For people who use Medicare or have their insurance coverage through one of Minnesota’s Health Care Programs, the federal and state governments dictate what services and treatments are covered. Telehealth is no exception. Prior to the COVID-19 health emergency, both the federal Centers for Medicare & Medicaid Services (CMS) and Minnesota’s Department of Human Services had strict rules about how Council members could cover and pay for various telehealth services. Council members have been working closely with people in government to figure out what rules need to be relaxed so people can continue to meet with their doctors, therapists, and other health care providers and get the care they need. Some of the changes made include allowing people to use a variety of audio and visual systems; allowing different types of health care providers – like psychologists, social workers, dieticians, and midwives – to provide care to their patients; and making sure that these providers are paid for this work just like they would be if they saw a patient in their office.
What about self-insured plans?
Self-insured plans – those in which employers use their own funds to cover employees’ claims – can vary, but they generally have the option to cover services the same way as fully insured plans. The Federal CARES Act requires that all testing for COVID-19 and the related provider visit be covered by private insurance plans without cost-sharing (this includes a related provider visit done via telehealth). However, it does not mandate coverage of all telehealth services that are or are not related to COVID-19.
How are health plans letting hospitals, clinics and patients know that telehealth services for mental and behavioral health, as well as other services, are covered?
Council members are providing FAQ documents for health care providers and their members through their respective websites. If hospitals and clinics have additional questions, they are being encouraged to use a plan’s provider portal, or to reach out to the plan’s member services team to answer specific questions, as guidelines for telehealth are quickly changing.
Is there any concern that as telemedicine becomes more readily available and heavily utilized during the pandemic, the cost of mental and behavioral health services will go up?

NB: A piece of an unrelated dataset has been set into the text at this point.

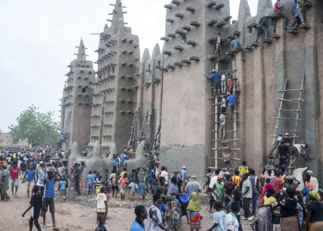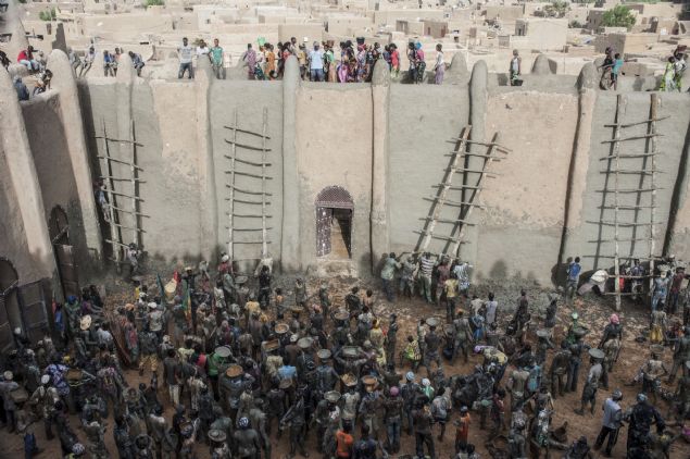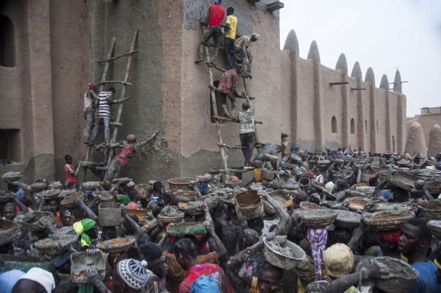 UNESCO'nun Dünya Tarihi Mirası Listesi'ndeki Mali'nin Cenne kentinde bulunan Ulu Cami, her yıl binlerce kişi tarafından çamurla kaplanıyor.

Minnesota’s nonprofit health insurers care first and foremost about the health and safety of their members and provider partners. Therefore, they should not be concerned that costs for these vital services will rise. A recent MPR article reported that mental health providers are worried that rapid changes governing the way telehealth is delivered (for instance, phone calls versus video visits) could result in providers not being paid for their services. However, this is not the case.
Minnesota’s nonprofit health plans want people to get the care they need no matter which form of delivery is used. As they do with all forms of care, health plans will always monitor the cost of care to limit fraud, waste and abuse. But they fully support the appropriate use of telehealth, especially during emergencies and times of health crisis. So far, we don’t foresee any significant issues on this front.
We recognize that the current situation has people concerned and fearful on many fronts. But those who worry that a telehealth appointment may not be covered by insurance (e.g., a virtual visit with a psychotherapist) can rest easy knowing that Minnesota’s nonprofit health plans are working to address any issues that might arise. We’ll continue to do everything we can to ease the stress and help Minnesotans stay as healthy as possible during this crisis, while also keeping all parties up to date on the latest changes and information.